The history of art has produced few works as ambitious and as valuable as the AmberRoom. Famous throughout Europe as the 'eighth wonder of the world', its vast and intricately worked amber panels were sent in 1717 by Frederick I of Prussia as a gift to Peter the Great of Russia, and soon became a symbol of Russia's imperial might.
For over two hundred years the room remained in its Russian palace, but with the outbreak of the Second World War, Hitler laid claim to it as a showpiece for the Third Reich. When the Nazis swept into Leningrad, it was wrenched from the walls, packed into crates and disappeared from view, never to be seen again.
Catherine Scott-Clark and Adrian Levy have gone further along on the trail of this great, lost treasure than anyone before them to unravel the jumble of evidence surrounding its fate. It is a search that catapulted them across eastern Europe and into the menacing world of espionage and counter-espionage.

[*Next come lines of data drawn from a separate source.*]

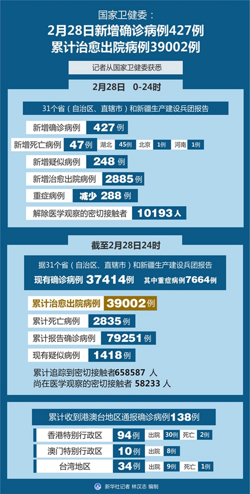 截至2月28日24時,據(jù)31個?。ㄗ灾螀^(qū)、直轄市)和新疆生產(chǎn)建設(shè)兵團(tuán)報告,現(xiàn)有確診病例37414例(其中重癥病例7664例),累計(jì)治愈出院病例39002例,累計(jì)死亡病例2835例,累計(jì)報告確診病例79251例,現(xiàn)有疑似病例1418例。累計(jì)追蹤到密切接觸者658587人,尚在醫(yī)學(xué)觀察的密切接觸者58233人。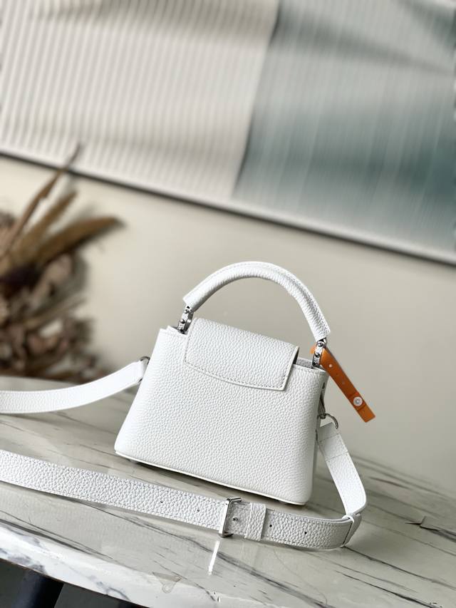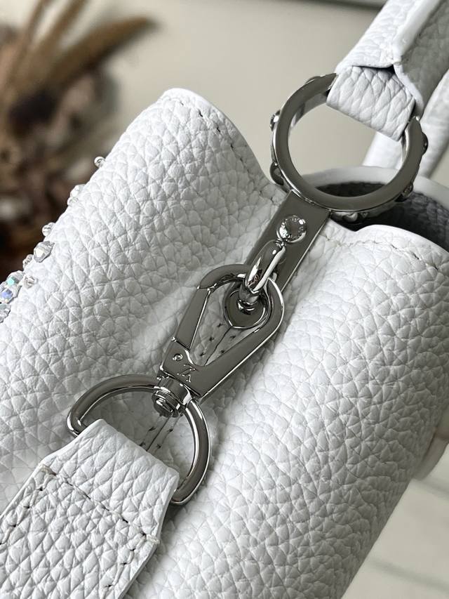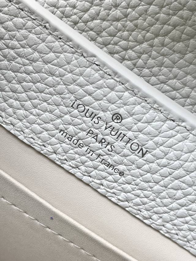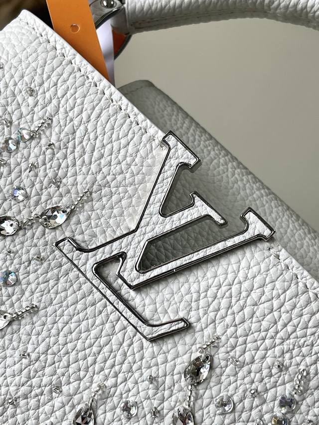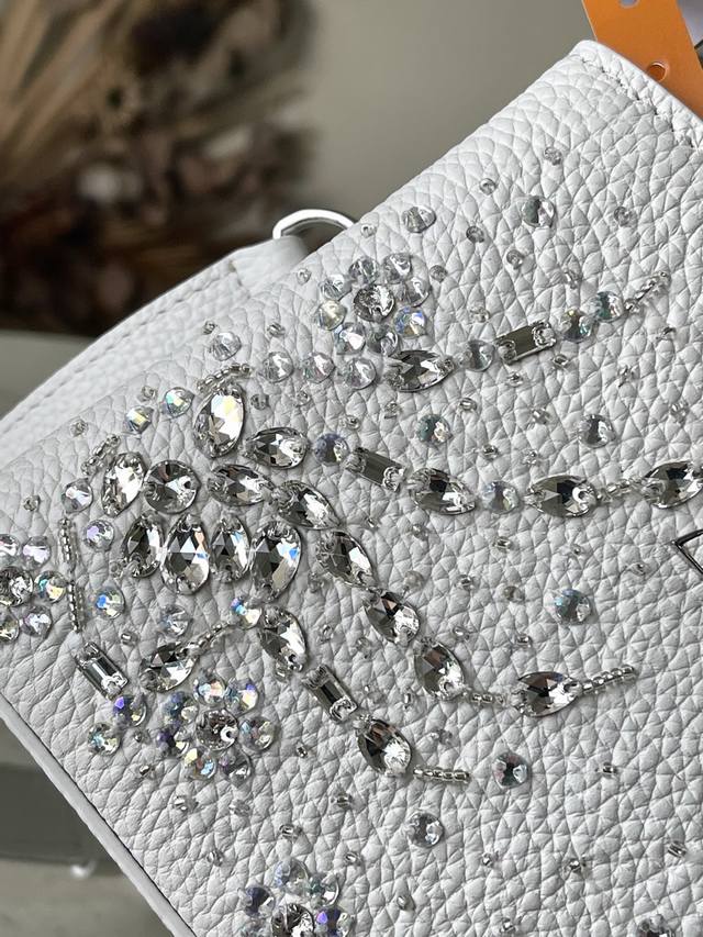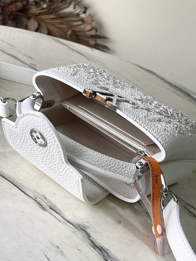 出厂价p 特级原厂皮 M25934 白色迷你 作为“非凡系列”的一部分,这款卡普尼迷你包重新设计,采用了精致的刺绣工艺。它由小牛皮制成,装饰着闪耀的亮片,呈现出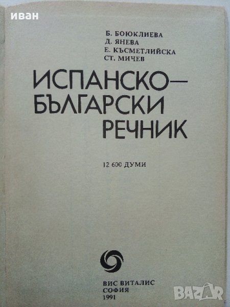 Испанско - Български речник - Б.Боюклиева,Д.Янева,Е.Късметлийска, Ст.Мичев - 1991 г. → Обява 31764587

In the archives in St Petersburg and Berlin, amid boxes of hitherto unseen diaries, letters and classified reports, they uncovered for the first time an astounding conspiracy to hide the truth.
In a gripping climax that is a triumph of detection and narrative journalism, The Amber Room shows incontrovertibly what really happened to the most valuable lost artwork in the world. The hoax it reveals will change our understanding of the twentieth century.